Aim of the exercise:
The answer must restate the listing word for word, without its images.

Given data:
Start of Block

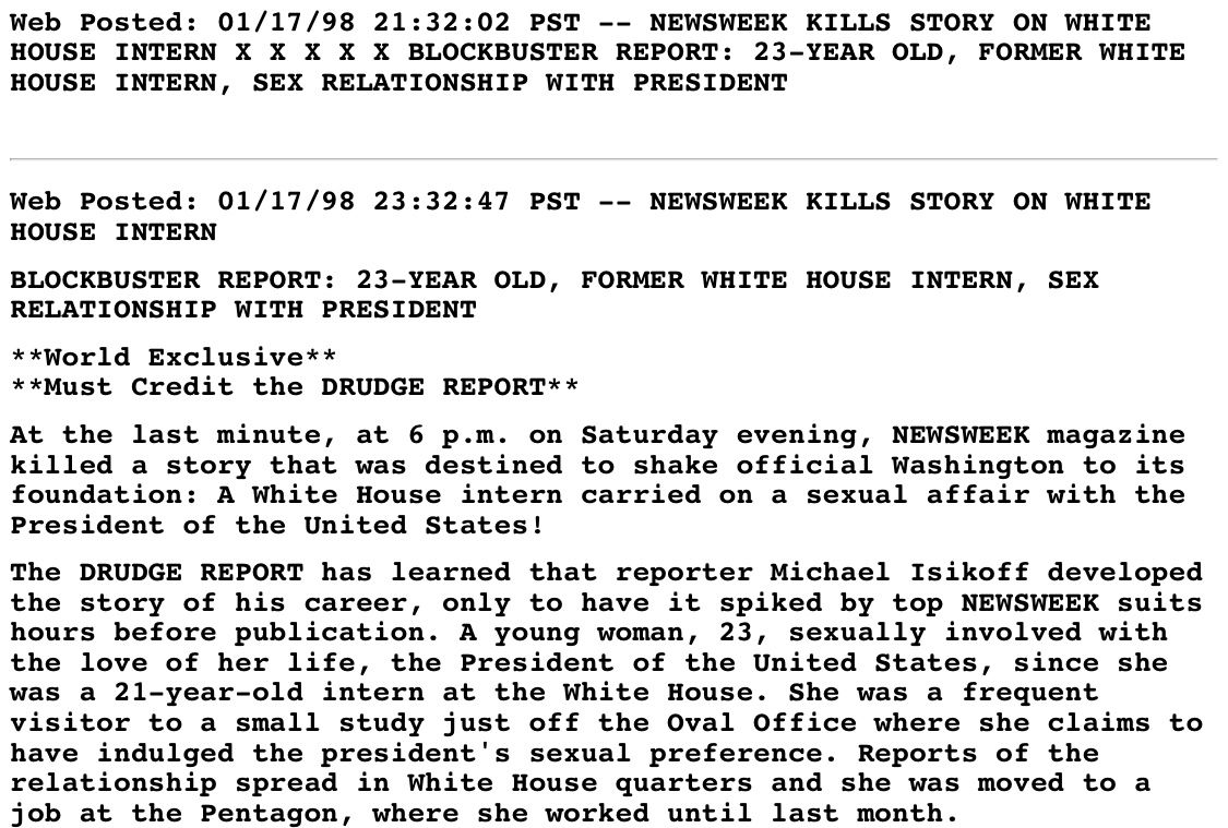20 years ago today, back in 1998, Matt Drudge posted his most famous siren banner: "NEWSWEEK KILLS STORY ON WHITE HOUSE INTERN."
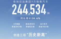 奇瑞控股集团9月销售汽车244534辆 创三项“历史新高”
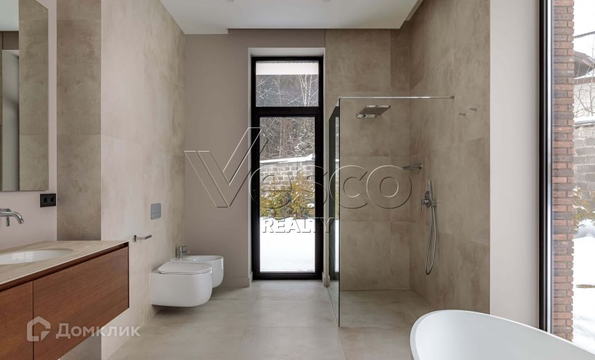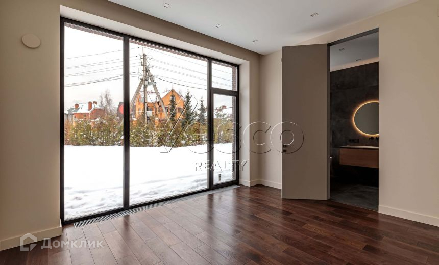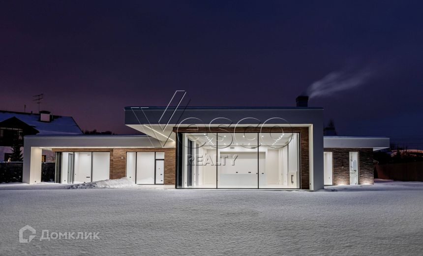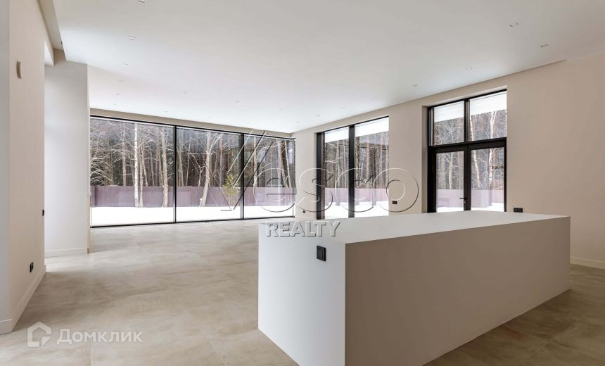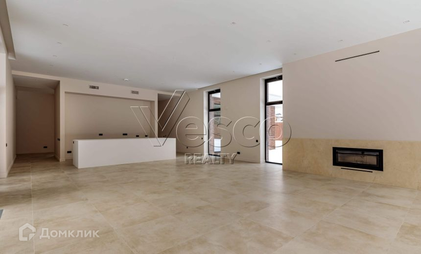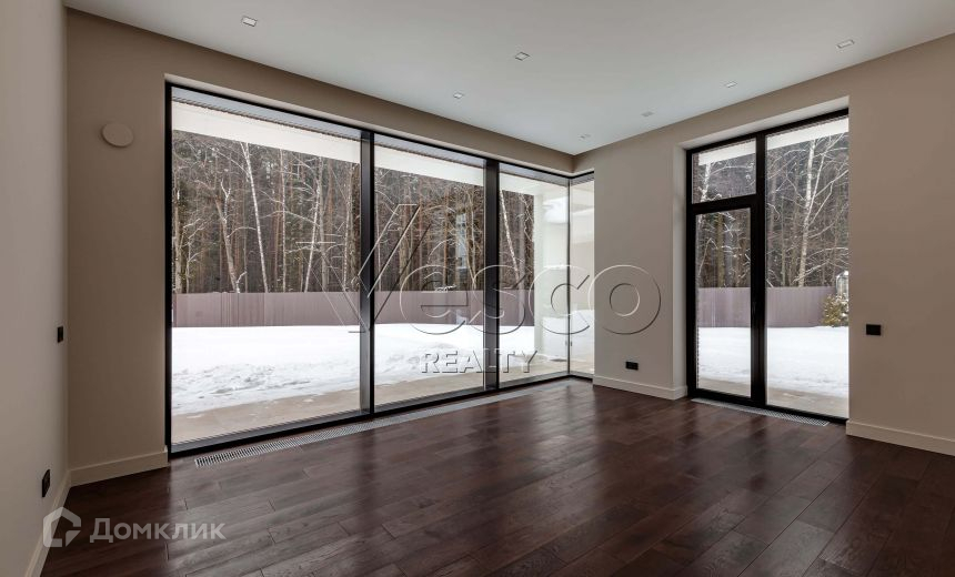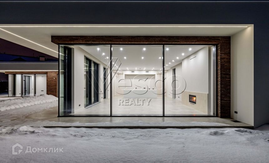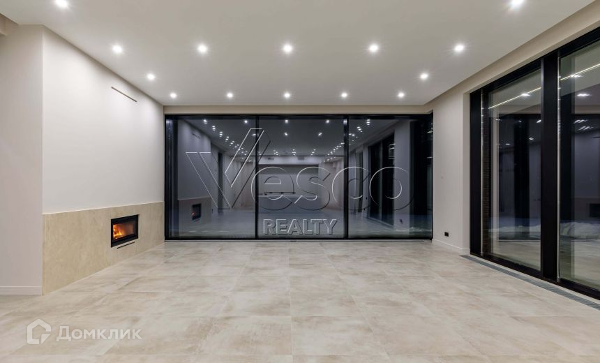 В доме выполнена качественная и дорогая отделка в современном стиле, установлены алюминиевые панорамные окна формата джамбо высотой 3,5 метра, в гостиной настоящий дровяной камин облицованный итальянским мрамором.

End of Block

Exercise output:
20 years ago today, back in 1998, Matt Drudge posted his most famous siren banner: "NEWSWEEK KILLS STORY ON WHITE HOUSE INTERN."
 奇瑞控股集团9月销售汽车244534辆 创三项“历史新高”
 В доме выполнена качественная и дорогая отделка в современном стиле, установлены алюминиевые панорамные окна формата джамбо высотой 3,5 метра, в гостиной настоящий дровяной камин облицованный итальянским мрамором.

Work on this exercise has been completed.